Sobol Sequences for Hyperparameter Search
Introduction
When you set out to optimize hyperparameters of a model, you face a search space: often multi-dimensional, large, and hostile. A naïve grid search wastes time covering redundant regions; pure random search leaves holes and clumps.Enter the Sobol sequence — a quasi-random, low-discrepancy sequence that strives to cover the hyperparameter space evenly.
What is a Sobol sequence?
- A Sobol sequence is a quasi-random (also called “low‐discrepancy”) sequence of points in the unit hypercube \([0,1]^s\) (for \(s\) dimensions) that fills the space more evenly than random points.
- “Low discrepancy” means the largest gap between covered and uncovered regions is much smaller than in purely random sampling.
- Introduced by Ilya M. Sobol in 1967, these sequences have become fundamental in quasi–Monte Carlo methods.
Why is it helpful for hyperparameter search?
When choosing a certain number of initial hyperparameter settings, random sampling often clusters or misses regions entirely. A Sobol sequence achieves better coverage with the same number of samples, increasing your chance of finding promising areas early.This makes it ideal for the initial exploration phase, before you refine results using models like BoTorch or other surrogate models.
How Sobol sequences work
Direction numbers and binary construction
- For each dimension \(j\) (from \(1\) to \(s\)), select a primitive polynomial over \(GF(2)\) of degree \(s_j\).
- Define “direction numbers” \(v_{k,j}\) as binary fractions: \(v_{k,j} = \frac{m_{k,j}}{2^k}\) where \(m_{k,j}\) are odd integers less than \(2^k\).

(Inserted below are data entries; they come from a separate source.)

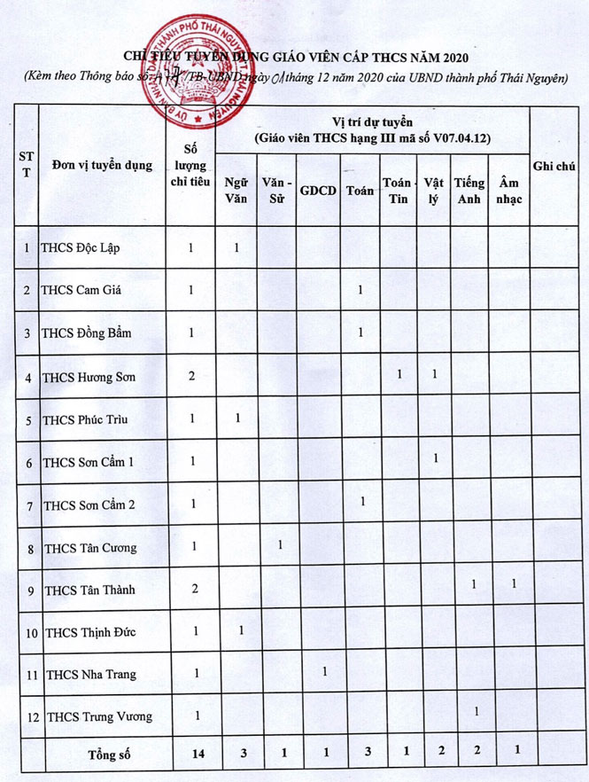 Trên đây là Thông báo tuyển dụng viên chức làm giáo viên các Trường Mầm non, Tiểu học, THCS, Trường Tiểu học và THCS công lập trực thuộc UBND thành phố Thái Nguyên năm 2020. UBND thành phố yêu cầu các đơn vị nghiêm túc triển khai thực hiện. Trong quá trình thực hiện có gì khó khăn, vướng mắc báo cáo về UBND thành phố (qua Phòng Giáo dục và Đào tạo thành phố, Phòng Nội vụ thành phố) để xem xét, giải quyết./.
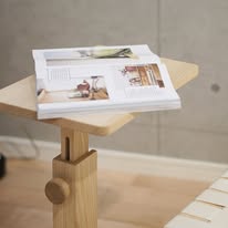 最大の特徴は高さを50~75cmまで無段階で調整できること。読書をするときは高めに、本やお茶を置くときは低めに…とシーンに合わせて快適な高さに設定できます。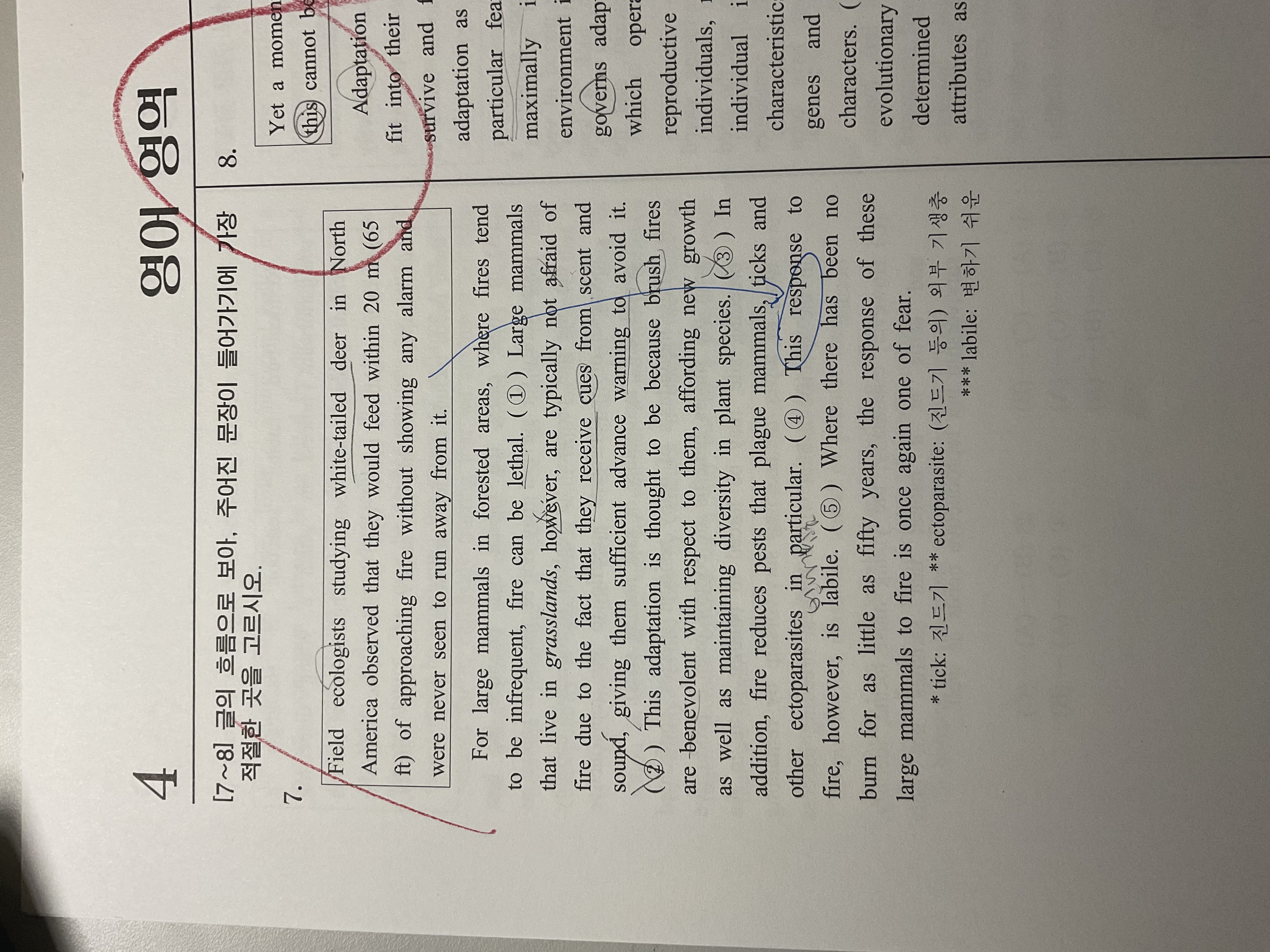 액셀러레이터 15권 7번문제 질문입니다. 2번 앞에 문장이 큰 포유동물들이 불을 두려워하지 않고 충분한 경고를 받았다고 언급되어있어 박스 문장 white tailed deer이 이에 대한 예시와 함께 앞문장과 비슷한 내용으로 좋은 흐름이라 판단해 답으로 골랐습니다. 어떤 부분에서 잘못 접근했나요?

- Represent the integer index \(i\) in binary: \(i = ( \dots i_3\,i_2\,i_1 )_2\). The \(j\)-th coordinate of the \(i\)-th point is: \(x_{i,j} = i_1 v_{1,j} \oplus i_2 v_{2,j} \oplus i_3 v_{3,j} \oplus \cdots\), where \(\oplus\) is the bitwise XOR operation.
- The resulting vector \((x_{i,1}, x_{i,2}, \dots, x_{i,s})\) is the \(i\)-th Sobol point.
- The sequence satisfies properties of a \((t, s)\)-sequence in base 2 — ensuring uniform space coverage.
Summary
Sobol sequences provide a deterministic, low-discrepancy way to explore hyperparameter spaces. They outperform pure random search in uniformity and efficiency, making them ideal for initial sampling before model-based refinement.Caveats
- Sobol sequences do not guarantee global optima — they’re best for exploration, not exploitation.
- High-dimensional spaces still suffer from the curse of dimensionality.